Repeat the entire listing exactly. Omit all pictures.

- Data provided:
================================

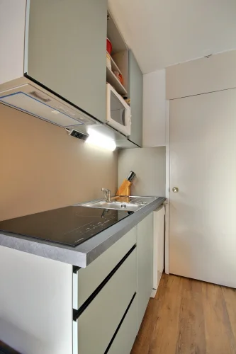 Coin cuisine dans l'entrée : plaques induction, réfrigérateur, lave-vaisselle, micro-ondes
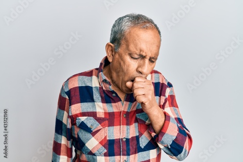 Senior hispanic man wearing casual clothes feeling unwell and coughing as symptom for cold or bronchitis. health care concept.
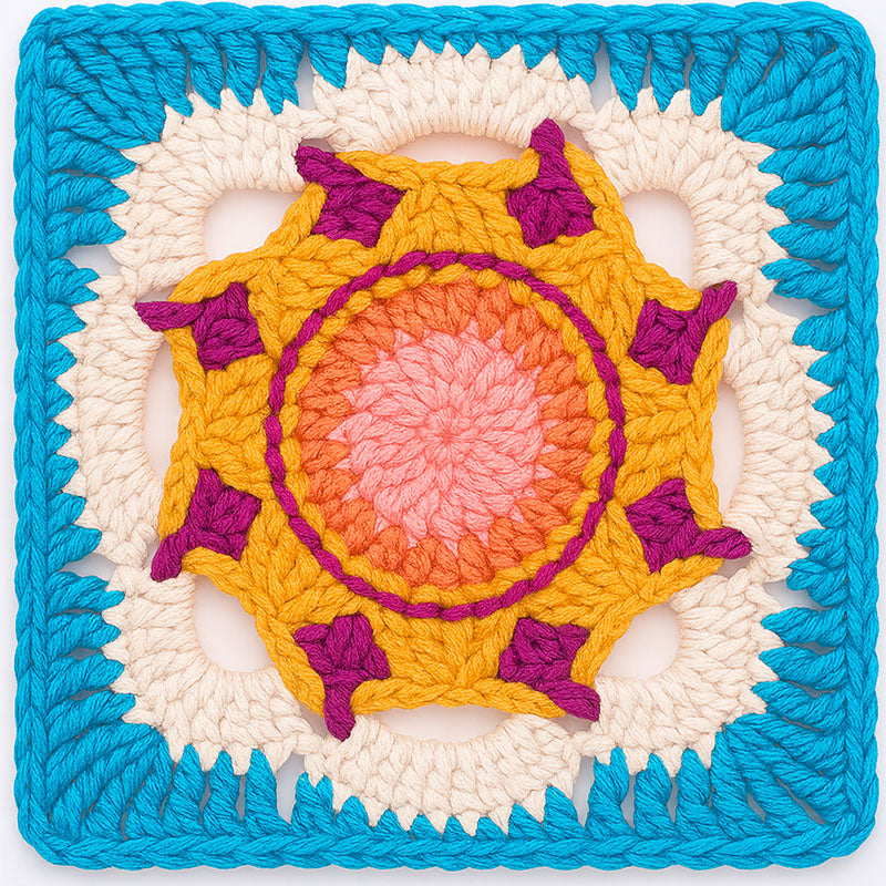 On the front is the Granny Square design, while the back shows the pattern. You can also find detailed instructions for every Granny Square in the user guide booklet.
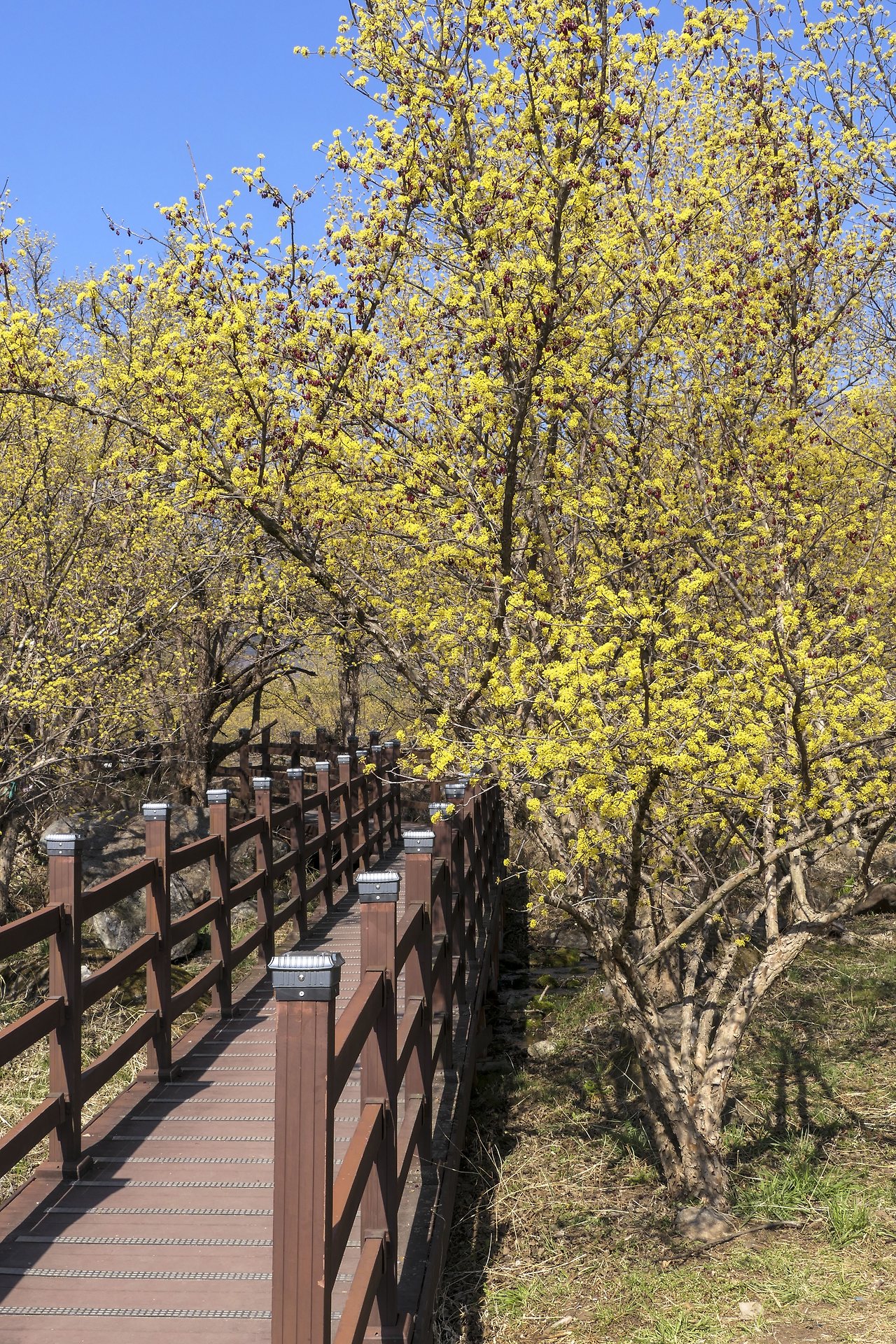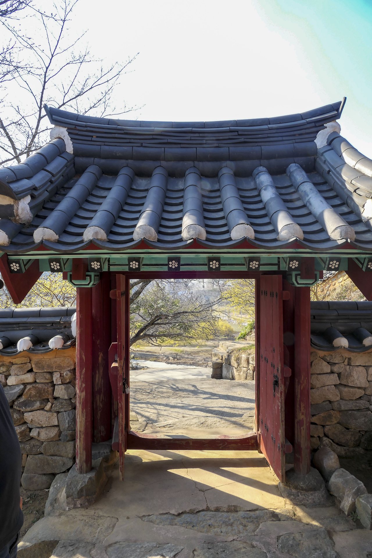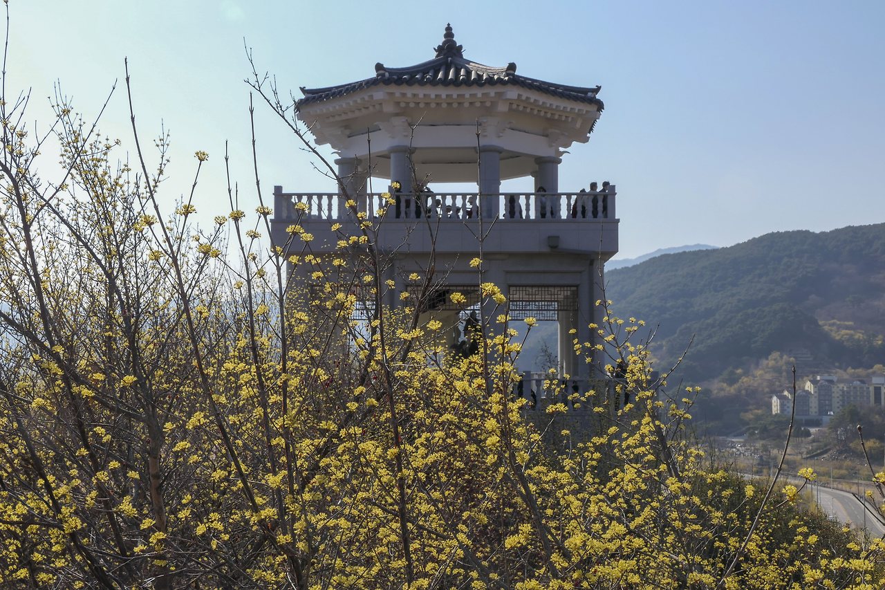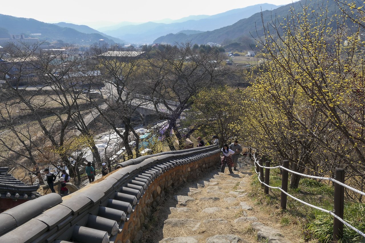 정상에서 내려다보니 수많은 사람들은 산수유에 묻혀 보이지도 않는다. 가을에 붉은 열매가 잔뜩 피면 또 얼마나 아름다울까? 어느새 다리가 절룩거리는 탓에 기왓장을 꽉 움켜잡으며 내려와야 했다.

================================

- Output of the task:
 Coin cuisine dans l'entrée : plaques induction, réfrigérateur, lave-vaisselle, micro-ondes
 Senior hispanic man wearing casual clothes feeling unwell and coughing as symptom for cold or bronchitis. health care concept.
 On the front is the Granny Square design, while the back shows the pattern. You can also find detailed instructions for every Granny Square in the user guide booklet.
 정상에서 내려다보니 수많은 사람들은 산수유에 묻혀 보이지도 않는다. 가을에 붉은 열매가 잔뜩 피면 또 얼마나 아름다울까? 어느새 다리가 절룩거리는 탓에 기왓장을 꽉 움켜잡으며 내려와야 했다.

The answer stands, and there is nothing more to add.